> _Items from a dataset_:
--- START ---

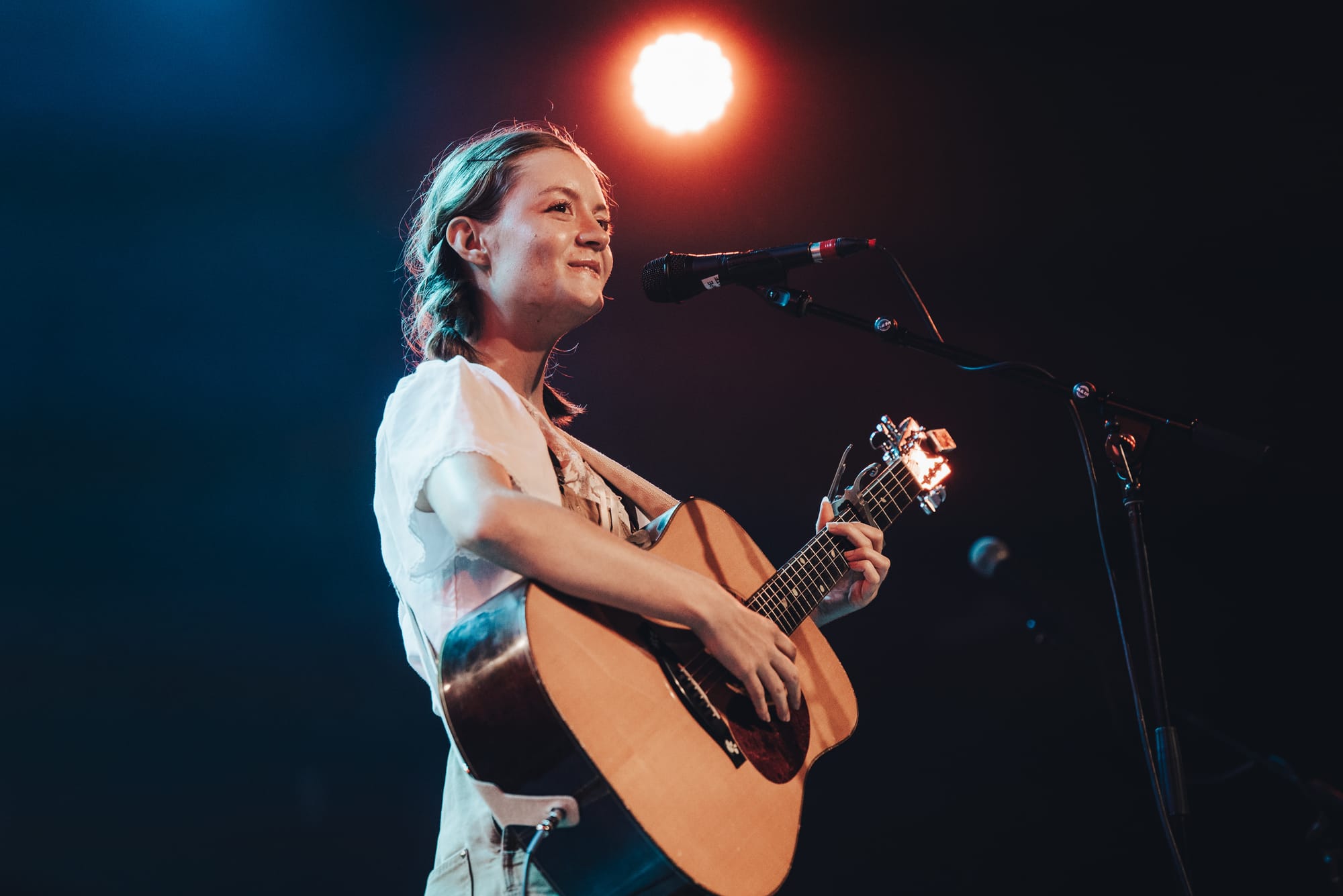 Noah invited the adorable Gabrielle Hope to open for her, and the audience was enamored with her southern charm and girlish giggles. She won over the crowd when she joked about how she asked her sister what she thought of her outfit, to which she said she looks like an Amish girl– the crowd chuckling in response. Originally from Noah’s same home state of Tennessee, Gabrielle introduced many of us in attendance to something called “Appalachian shape note singing.” You’re likely wondering what in the world that is, and truthfully, to get the full idea, you’ll just need to listen to the clip below. It’s different than what most of us are used to listening to, and perhaps the audience was a bit confused at first, but they quickly warmed up. She messed up a few times but played it off with that lovable grin, mentioning that she was nervous. Seeing the audience’s faces, they were understanding and were grinning back in encouragement. Our hearts were softened to hear Noah next.
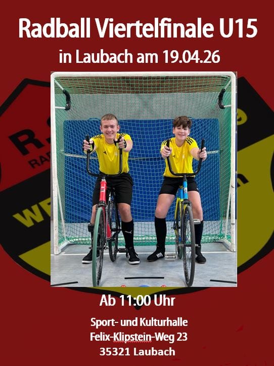 Am 19.04.2026 findet in Laubach das Viertelfinale der Gruppe 2 im Radball U15 statt.
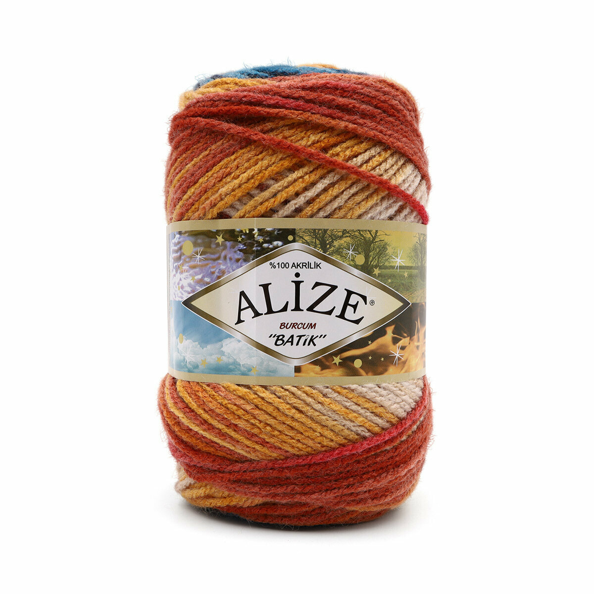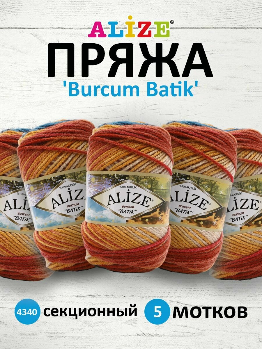 Купить Пряжа Alize Burcum Batik морская волна-малиновый-терракот-желто-бежевый (4340), 100%акрил, 210м, 100г, 5шт
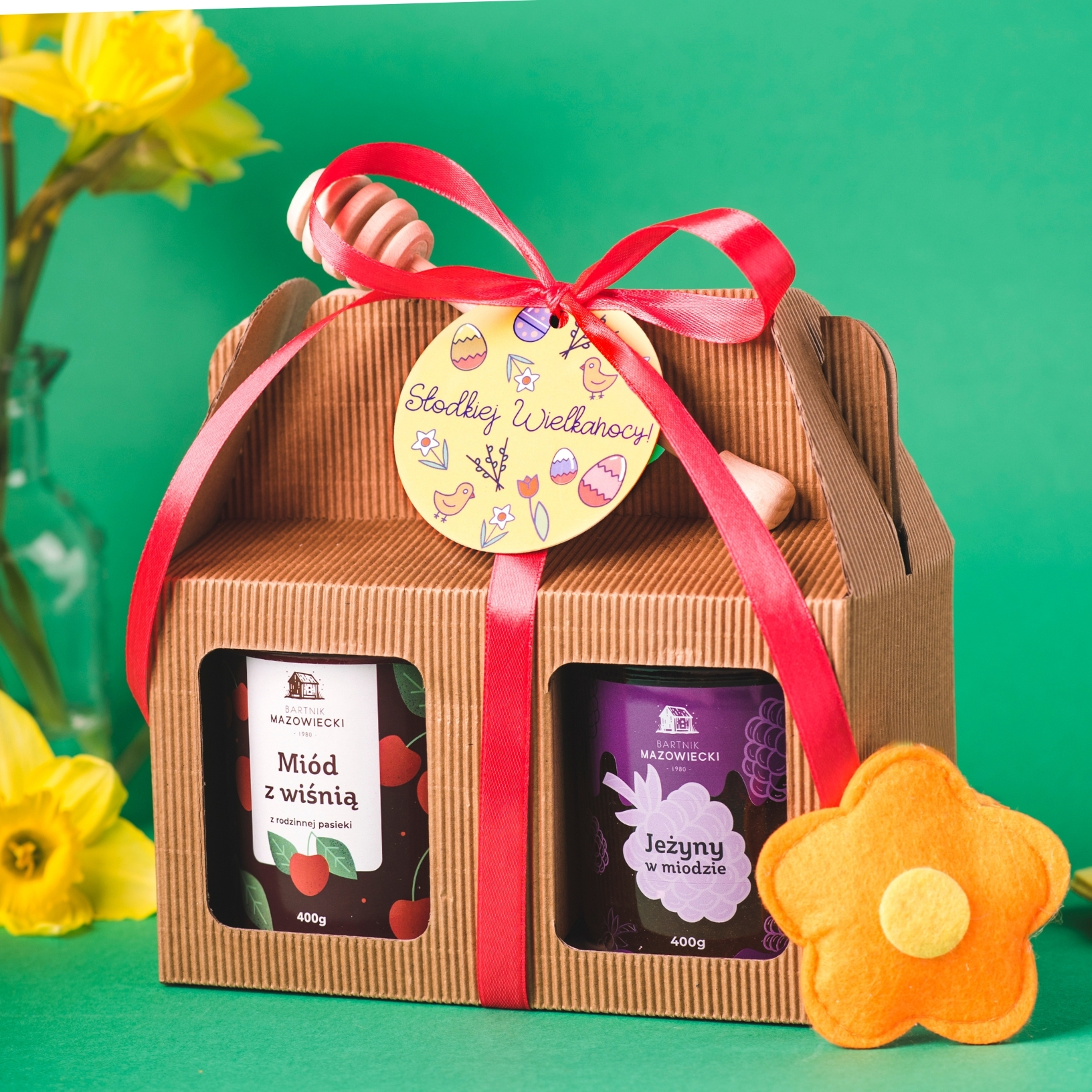 Zestaw miodów i owoców w miodzie na Wielkanoc 2 x 400 g w tekturowym pudełku
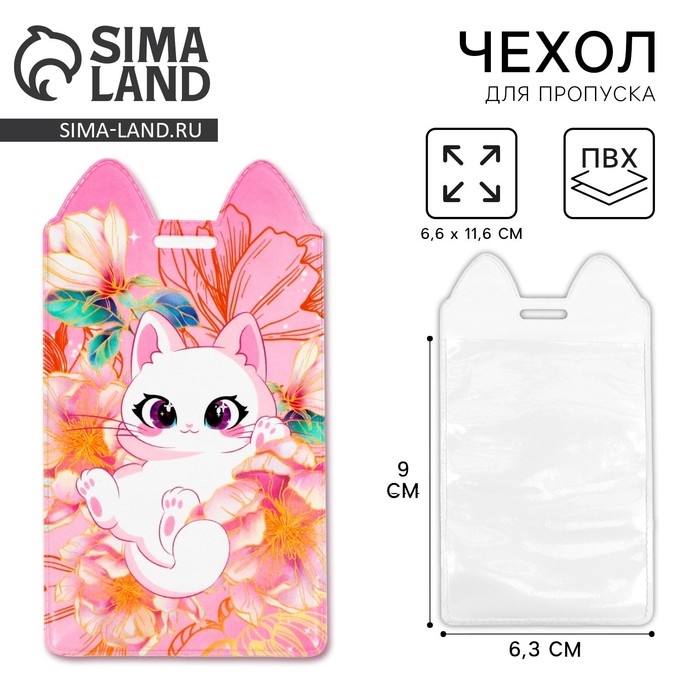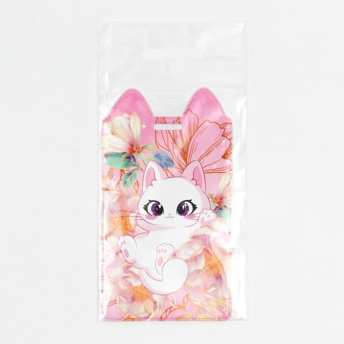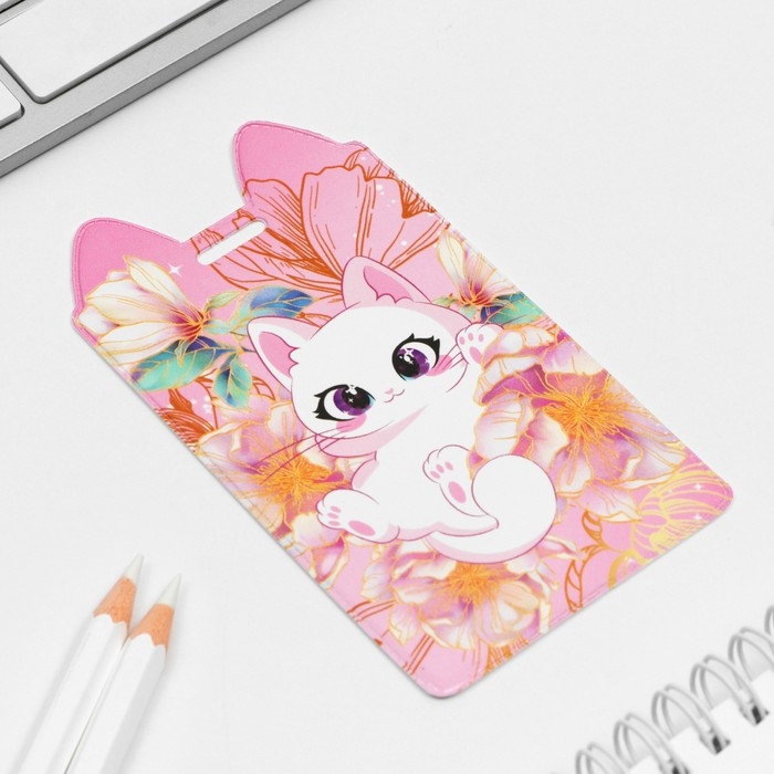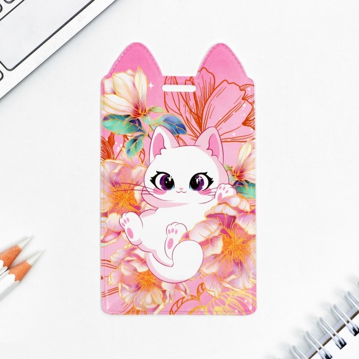 Чехол для бейджа «Котик в цветах», 11,6 х 6,6 см
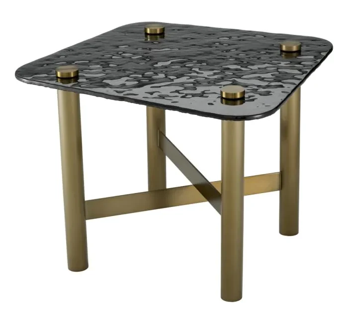 Product Description: Eichholtz 119022 Side Table Cortes - The Eichholtz Cortes Side Table is a stunning piece that exudes contemporary elegance. The textured smoke glass top adds a touch of sophistication, while the brushed brass finish on the base provides a luxurious and modern look. With its unique design and high-quality materials, the Eichholtz Side Table Cortes is a perfect addition to any stylish living space.
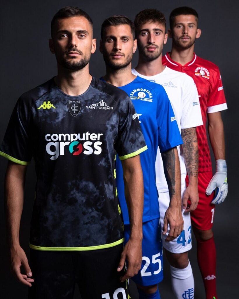 Sono state appena diramate le immagini dei nuovi kit per la stagione che prenderà il via la settimana prossima. Le tre nuove maglie dell’Empoli sono cosi state presentate al pubblico e da questo momento ci accompagneranno per tutta la prossima stagione sportiva. Azzurra, bianca ed ancora nera la terza.

--- END ---

> _Your task_:
Write out the data above exactly, minus any images.

> _Output for this task_:
 Noah invited the adorable Gabrielle Hope to open for her, and the audience was enamored with her southern charm and girlish giggles. She won over the crowd when she joked about how she asked her sister what she thought of her outfit, to which she said she looks like an Amish girl– the crowd chuckling in response. Originally from Noah’s same home state of Tennessee, Gabrielle introduced many of us in attendance to something called “Appalachian shape note singing.” You’re likely wondering what in the world that is, and truthfully, to get the full idea, you’ll just need to listen to the clip below. It’s different than what most of us are used to listening to, and perhaps the audience was a bit confused at first, but they quickly warmed up. She messed up a few times but played it off with that lovable grin, mentioning that she was nervous. Seeing the audience’s faces, they were understanding and were grinning back in encouragement. Our hearts were softened to hear Noah next.
 Am 19.04.2026 findet in Laubach das Viertelfinale der Gruppe 2 im Radball U15 statt.
 Купить Пряжа Alize Burcum Batik морская волна-малиновый-терракот-желто-бежевый (4340), 100%акрил, 210м, 100г, 5шт
 Zestaw miodów i owoców w miodzie na Wielkanoc 2 x 400 g w tekturowym pudełku
 Чехол для бейджа «Котик в цветах», 11,6 х 6,6 см
 Product Description: Eichholtz 119022 Side Table Cortes - The Eichholtz Cortes Side Table is a stunning piece that exudes contemporary elegance. The textured smoke glass top adds a touch of sophistication, while the brushed brass finish on the base provides a luxurious and modern look. With its unique design and high-quality materials, the Eichholtz Side Table Cortes is a perfect addition to any stylish living space.
 Sono state appena diramate le immagini dei nuovi kit per la stagione che prenderà il via la settimana prossima. Le tre nuove maglie dell’Empoli sono cosi state presentate al pubblico e da questo momento ci accompagneranno per tutta la prossima stagione sportiva. Azzurra, bianca ed ancora nera la terza.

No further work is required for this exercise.